Task item:
In the data below, the copy begins at the line containing "Unsere Shaker-Flasche Five" and runs through the last line; repeat those lines exactly, minus the pictures.

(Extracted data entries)

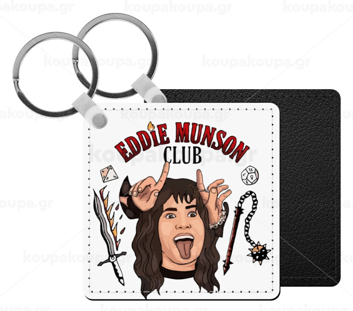 Eddie Munson, Hellfire CLub, Stranger Things, Μπρελόκ Δερματίνη, τετράγωνο ΜΑΥΡΟ (5x5cm)
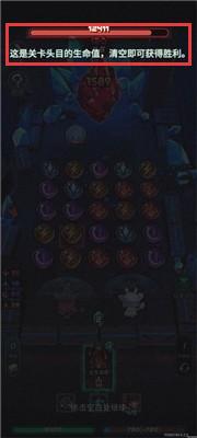 1、在游戏消除界面,留意下方卡槽,按照提示,合理使用卡牌道具,可助力消除元素,为攻击关卡头目做准备。
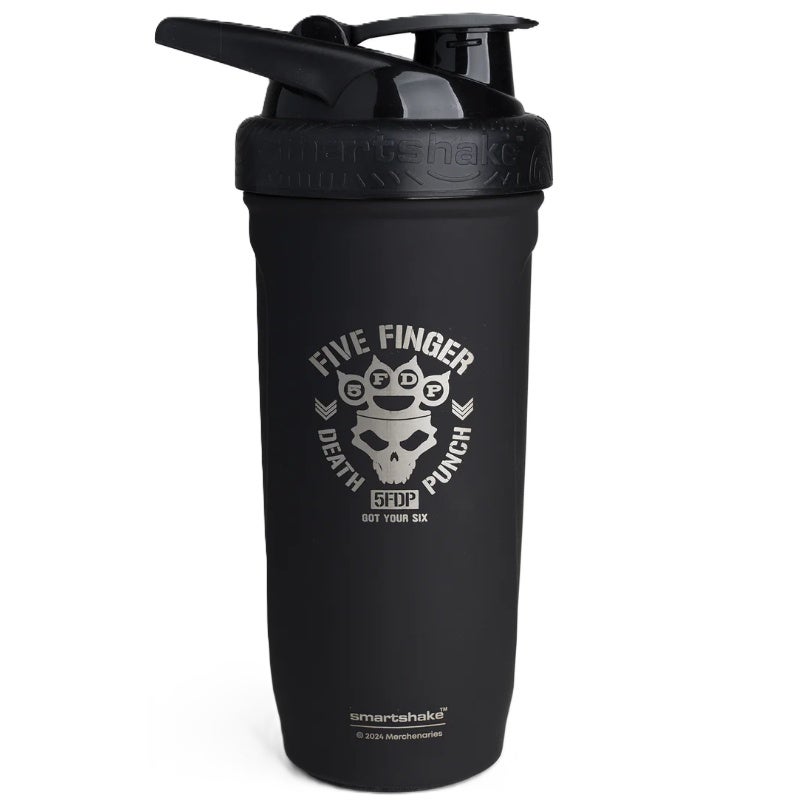 Unsere Shaker-Flasche Five Finger Death Punch Knucklehead kombiniert Funktionalität mit durchdachtem Design: Das clevere Mixnetz ist direkt im Deckel integriert und rastet sicher ein – kein Klappern, kein Verrutschen. So entsteht eine gleichmässige, klumpenfreie Mischung bei jedem Shake. Ob im Fitnessstudio oder unterwegs: Der dichte Verschluss gibt Ihnen das sichere Gefühl, dass nichts ausläuft und alles perfekt vermixt ist.
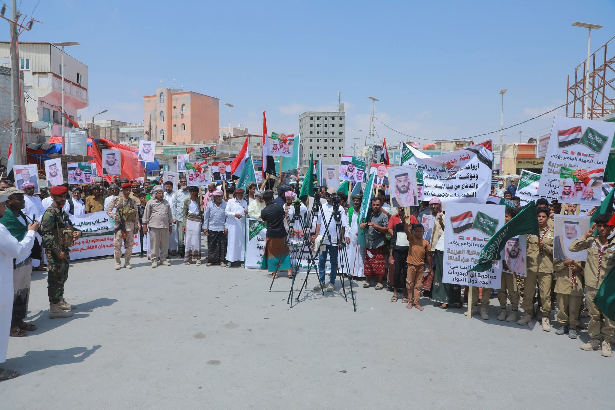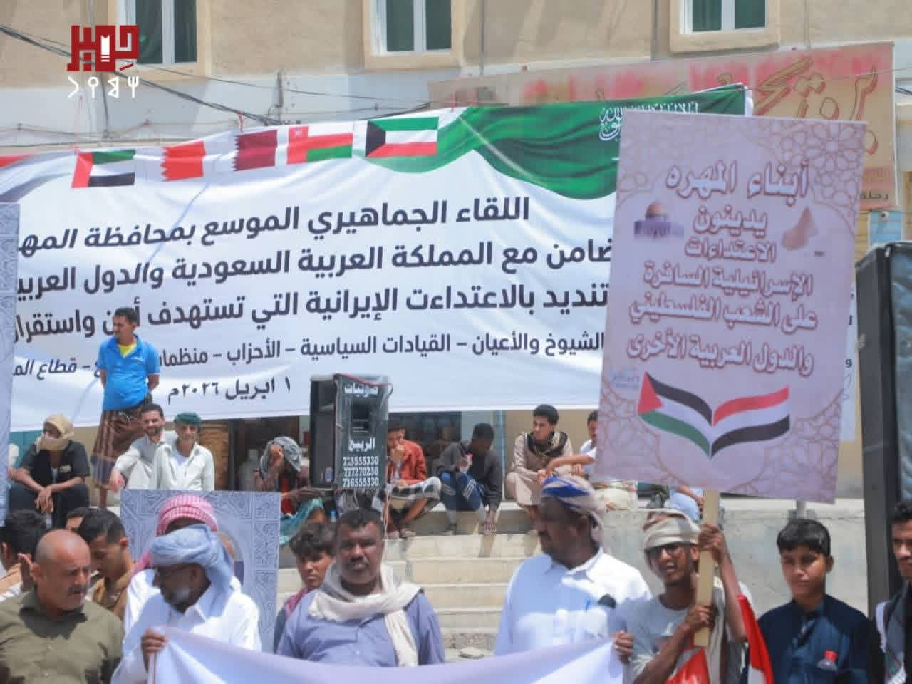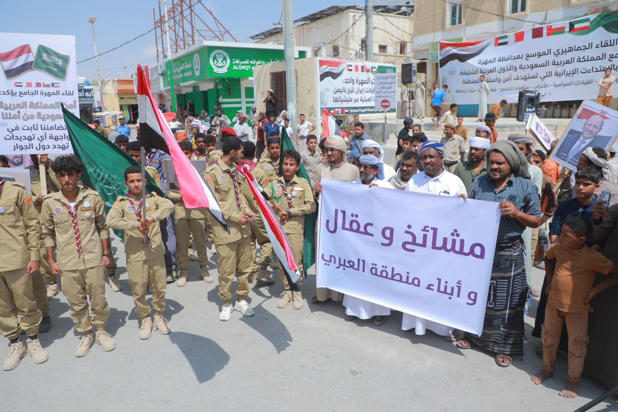 تظاهرة حاشدة في المهرة تؤكد التضامن مع السعودية وترفض الاعتداءات الإيرانية
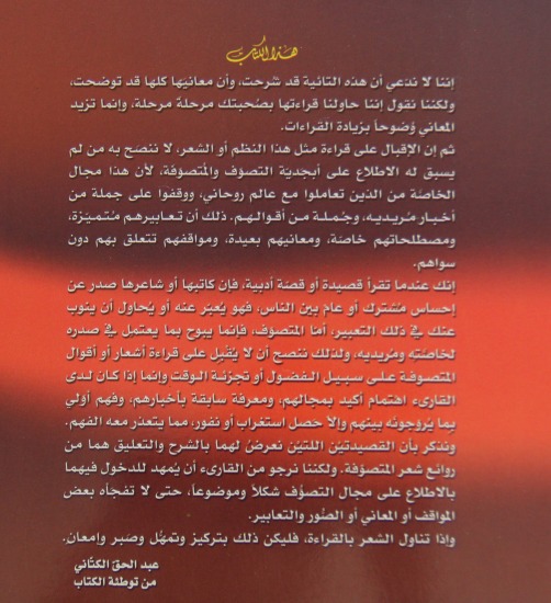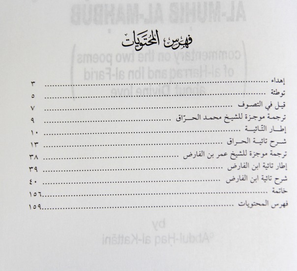 كتاب في التصوف تضمن شرحا وافيا لقصدتين من الشعر الصوفي هما :تائية الفارض وتائية الحراق . وكلتاهما في الحب الالهي ، فجاء الكتاب شارحا موضحا لغوامض .واسرار كل منهما مما يسهل فهمهما على القراء

Answer to this task:
 Unsere Shaker-Flasche Five Finger Death Punch Knucklehead kombiniert Funktionalität mit durchdachtem Design: Das clevere Mixnetz ist direkt im Deckel integriert und rastet sicher ein – kein Klappern, kein Verrutschen. So entsteht eine gleichmässige, klumpenfreie Mischung bei jedem Shake. Ob im Fitnessstudio oder unterwegs: Der dichte Verschluss gibt Ihnen das sichere Gefühl, dass nichts ausläuft und alles perfekt vermixt ist.
 تظاهرة حاشدة في المهرة تؤكد التضامن مع السعودية وترفض الاعتداءات الإيرانية
 كتاب في التصوف تضمن شرحا وافيا لقصدتين من الشعر الصوفي هما :تائية الفارض وتائية الحراق . وكلتاهما في الحب الالهي ، فجاء الكتاب شارحا موضحا لغوامض .واسرار كل منهما مما يسهل فهمهما على القراء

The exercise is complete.